Now as a reward for winning their frames, each of the apes kept all the balls they had been playing with except the cue ball so that Barry the baboon is over the moon: Rollie, the loser, needed to buy a new set for each frame!

It's funny, says Oliver, we all have the same nice number of balls, maybe we could imagine a lovely set-up for Barry's shop with all these balls?

Yes, says Charlie, we could for instance build a number of cubes with them, all different, and arrange those cubes in ascending order, starting with just one ball. That would be nice as their "edges" would be one ball bigger each time ...

Oh, says Gordon, I can think of at least two other nice arrangements with those balls

Meanwhile a very depressed and skint Rollie reflects that with the cue balls he still has ... he can't even paint them to make it a complete set and start practising again

How many balls do Gordon, Charlie and Oliver have each?
Can you think of nice/remarkable ball arrangements other than the cubes proposed by Charlie?

Round 391 update - only correct answer so far, via PM, is from snookersfun (maybe with a teeny bit of help ) ... a reminder that answers can go on the thread. A hint - apart from part (f), the answers are not multiples of 5 seconds.

update on R. 389:

Mon already yesterday solved the yellow and the brown paths. Well done! Slight problems with the green still

With that we should probably close this round and solutions for green and brown can go up on the thread now.

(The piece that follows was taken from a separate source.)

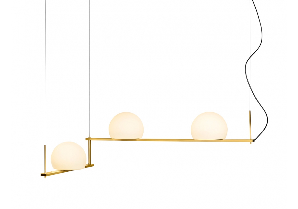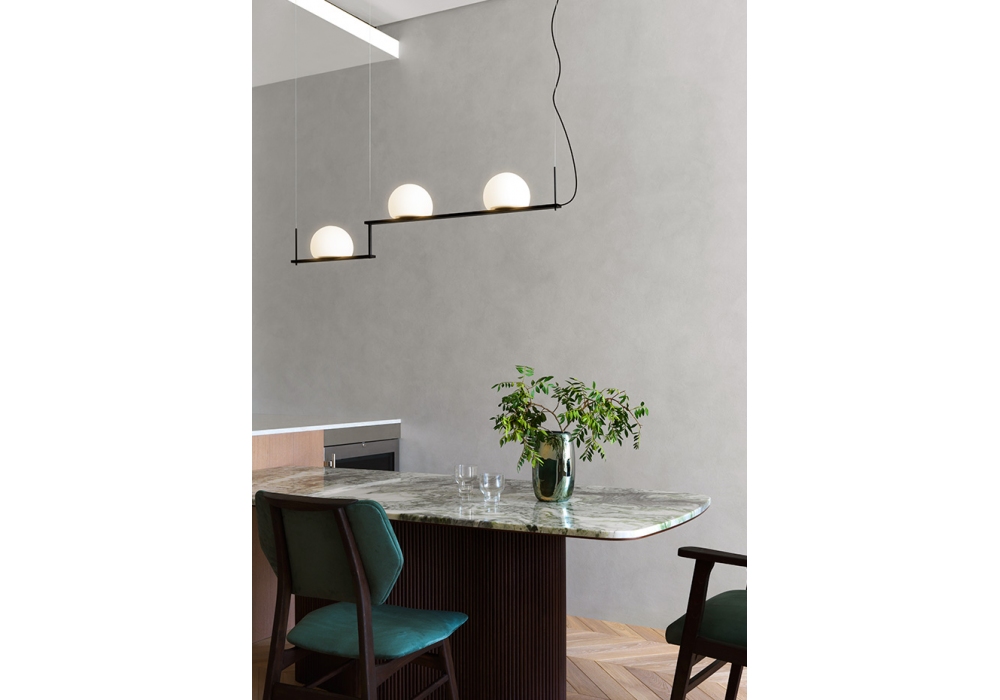 Circ conçue par Nahtrang Studio pour Estiluz est une lampe à suspension structurée par deux bras articulés en métal quadrangulaire peint. Les abat-jour sont semi-sphériques en verre et abritent une source lumineuse de type LED avec un système de gradation triac. Circ est disponible en différentes finitions de structure et de rosette.

and here another short one (we might have done something similar, but none the less...)

R.393: separating

Charlie, Oliver and Gordon by now had many practise hours on their hexagonal table. They come to the conclusion that the final colour clearance is too easy as it is, with all the colours one after each other around the table; the colour spots actually lying on a smaller inner hexagon (points A,C,E,G,I,K on moglet's graphic from my previous round). Charlie's plan is to separate at least pink and black by not having them on neighbouring spots, and see if that will show a difference in play.

So, how many different ways are there to do that? Out of how many different ways to arrange all colours on those spots without those constrictions?